As they grow more politically active, women in Yemen are increasingly targeted by the Houthi rebels.
Hundreds of women have vanished into secret prisons where they are tortured and sometimes raped, former detainees and other activists say.
The Houthis deny the claims, but six women who escaped to Egypt spoke to the Associated Press about their ordeals.
Samera al-Huri’s fellow activists were disappearing, one by one. When she asked their families, each gave the same cryptic reply: “She’s traveling.”
A few of the women re-emerged. But they seemed broken and refused to say where they had been for months.
A dozen officers from the Houthi rebels who control northern Yemen snatched her from her home in the capital, Sanaa, at dawn.
They took her to the basement of a converted school, its filthy cells filled with female detainees. Interrogators beat her bloody, gave her electrical shocks and, as psychological torture, scheduled her execution only to call it off last-minute.

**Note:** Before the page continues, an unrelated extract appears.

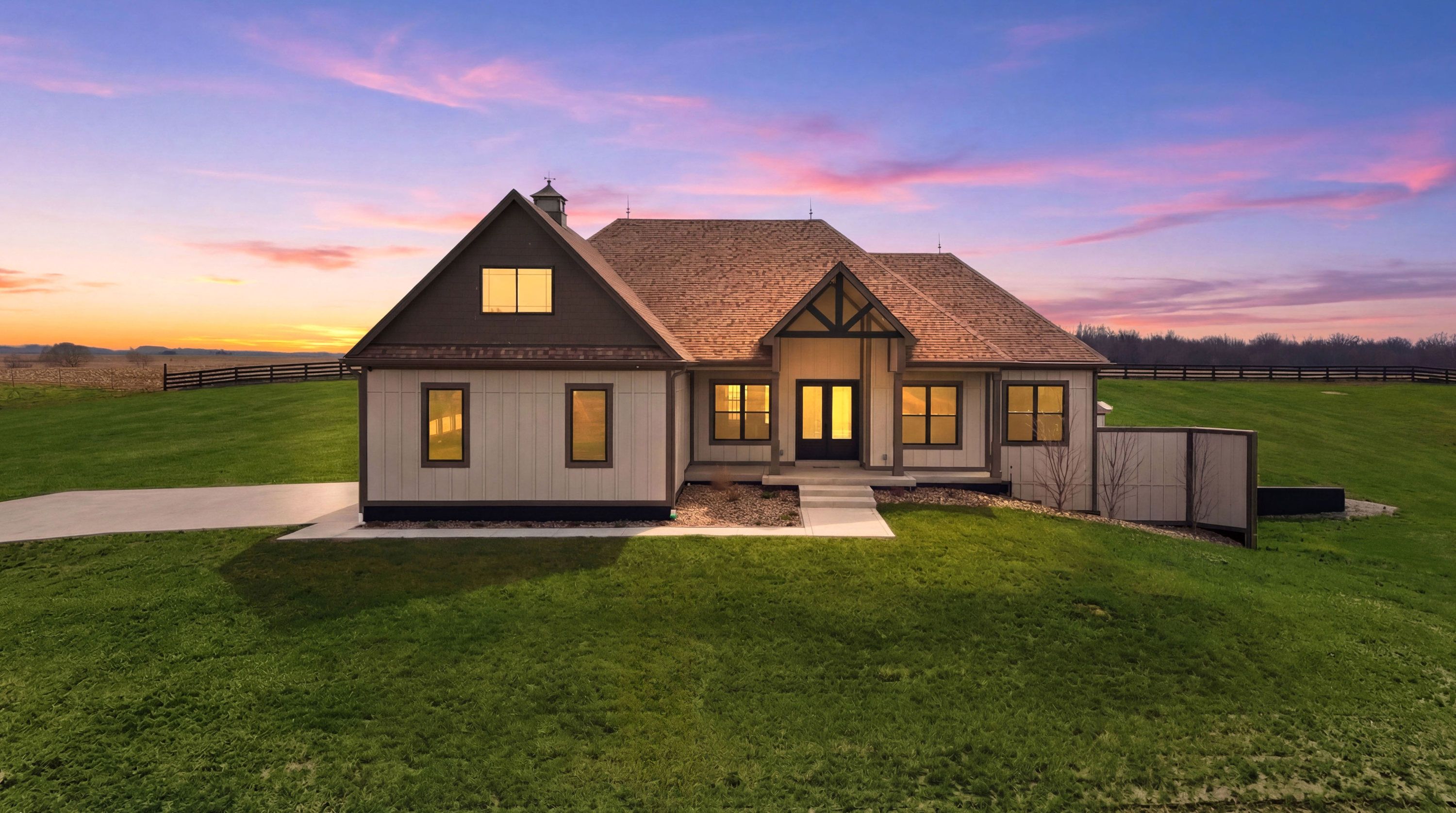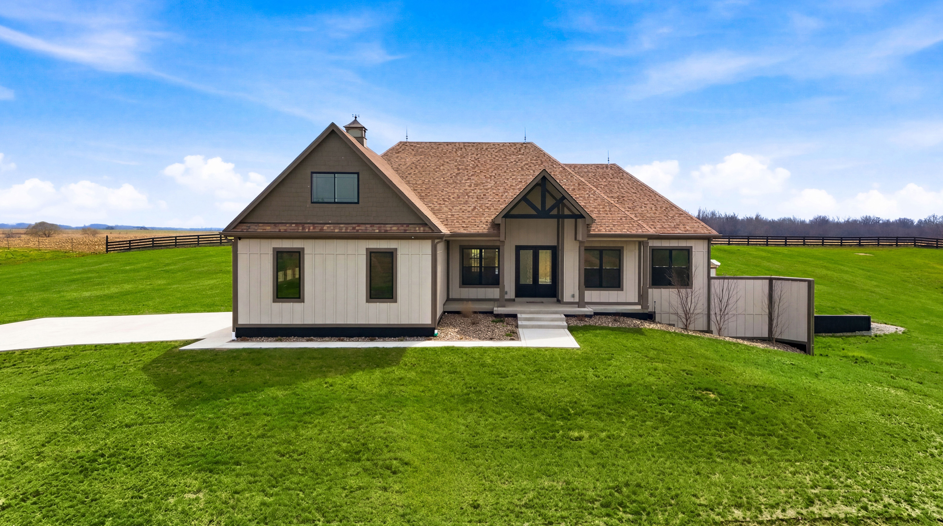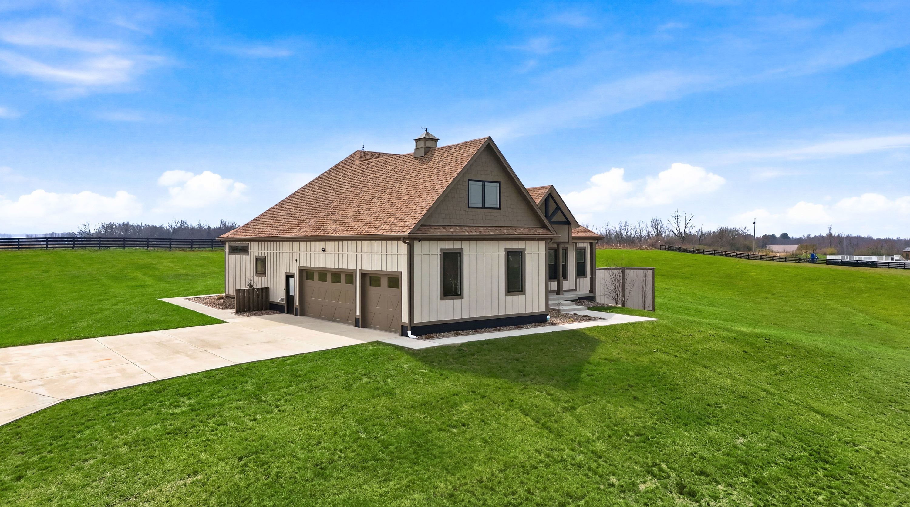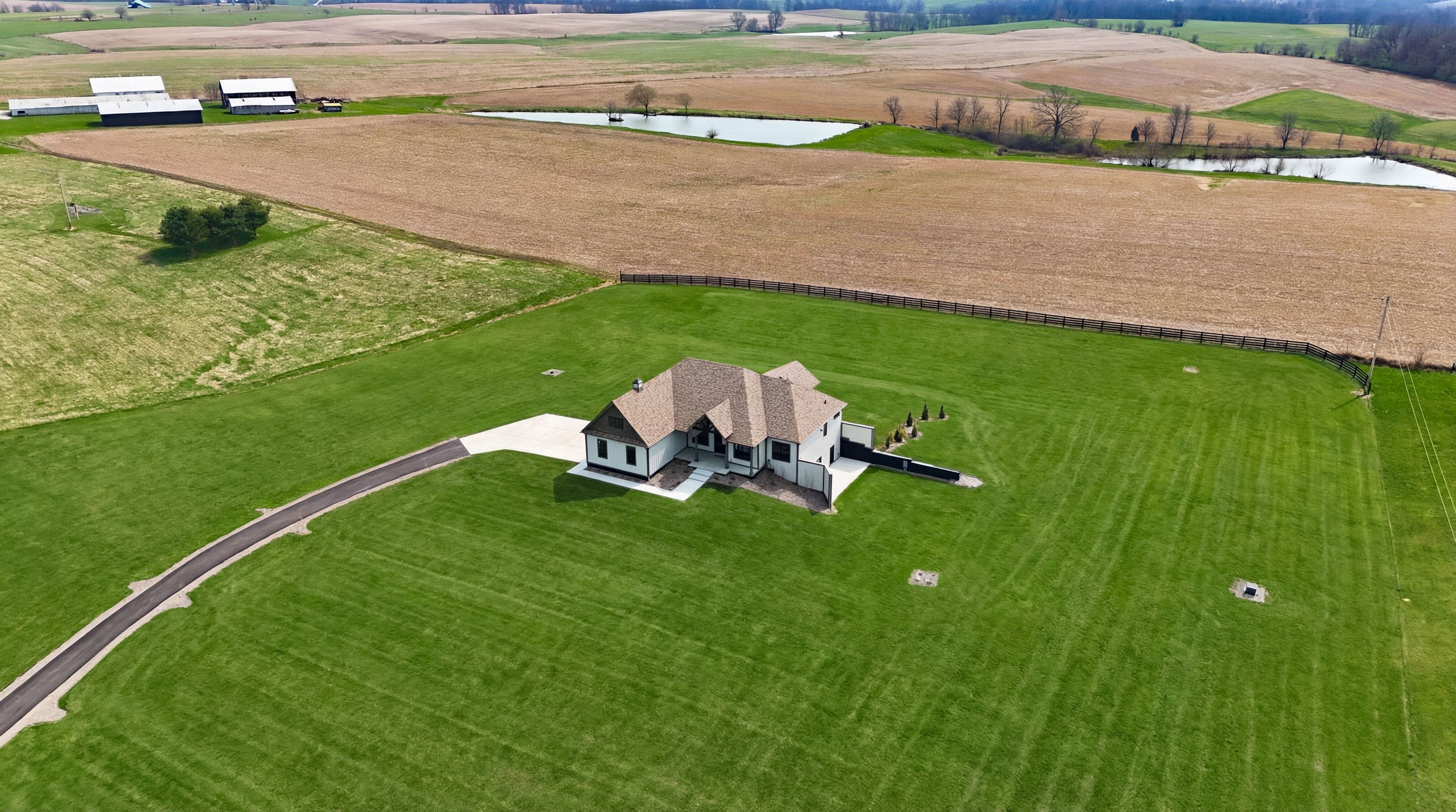 Have you ever wished for an inspired, elevated residence with all the appointments of a sleek, sophisticated urban home - set amid the bucolic beauty of Kentucky's horse and bourbon country? Look no further. This is it! Thoughtfully designed and constructed to the highest standards, this exceptional new-construction estate is set on five picturesque acres in Shelby County and offers a rare blend of modern luxury and countryside tranquility. With over 6,250 square feet of impeccably finished living space, this 5-bedroom, 4.5-bath walkout ranch delivers effortless single-level living while easily accommodating multigenerational living or unparalleled guest quarters. Upon entering, the scale and design features will absolutely take your breath away. From the engineered European white oak flooring to the soaring ceilings and all of the custom trim, designer lighting and elements in between you will be impressed. An entertainer's dream - the custom chef's kitchen has 35+ ft of quartz countertops, abundant cabinets, high end GE Monogram appliances, a beverage center and bar area and the all-important pantry. The open concept plan makes the dining room and great room blend seamlessly into the kitchen and bar area. A sleek 60" linear gas fireplace defines the accent wall across the great room. The owner's suite is one to be coveted, offering pastoral views, a spacious custom closet, and a spa-like en suite bath complete with dual vanities, walk in shower and soaking tub. It is just steps to the center of the home yet tucked away for ultimate privacy. The entire home has several smart and green home elements, including (but not limited to) Starlink Internet service, a hybrid HVAC system with 4 zones, spray foam insulation as well as rockwool insulation between floors, tankless water heater and recirculation, James Hardie Board siding, Lifetime Class 3 Roof covering and more. The lower level has a separate full kitchen, bedroom, full bath, media room and flex space. Outdoor living is equally well-considered, with a covered patio equipped with radiant heaters for cool evenings, a lower-level patio, a paved driveway with ample parking, an oversized three-car garage, and classic four-board horse fencing that beautifully frames the home's striking façade. The sunrises and sunsets at 4130 Vigo Road are nothing short of spectacular. Come for a visit - stay for a lifetime!

Activists and former detainees described a network of secret detention facilities where they are tortured and sometimes raped.
Taiz Street, a main avenue in Sanaa, is dotted with several of them, hidden inside private villas and the school where al-Huri was held.
“Many had it worse than me,” said al-Huri, 33, who survived three months in detention until she confessed on camera to fabricated prostitution charges, a grave insult in conservative Yemen.
Long-held traditions and tribal protections once guarded women from detention and abuse, but those taboos are succumbing to the pressures of war.
As men die in battle or languish in jail in a conflict now dragging into its sixth year, Yemeni women have increasingly taken political roles. In many cases, women are organizing protests, leading movements, working for international organizations or advocating peace initiatives — all acts the Houthis increasingly view as a threat.
“This is the darkest age for Yemeni women,” said Rasha Jarhum, founder of the Peace Track Initiative, which lobbies for women’s inclusion in peace talks between the Houthis and Yemen’s internationally recognized government.
“It used to be shameful for even traffic police to stop a woman.”
Estimates of women currently detained range from 200 to 350 in the governorate of Sanaa alone, according to multiple rights groups. The Yemeni Organization for Combating Human Trafficking says that’s likely an undercount.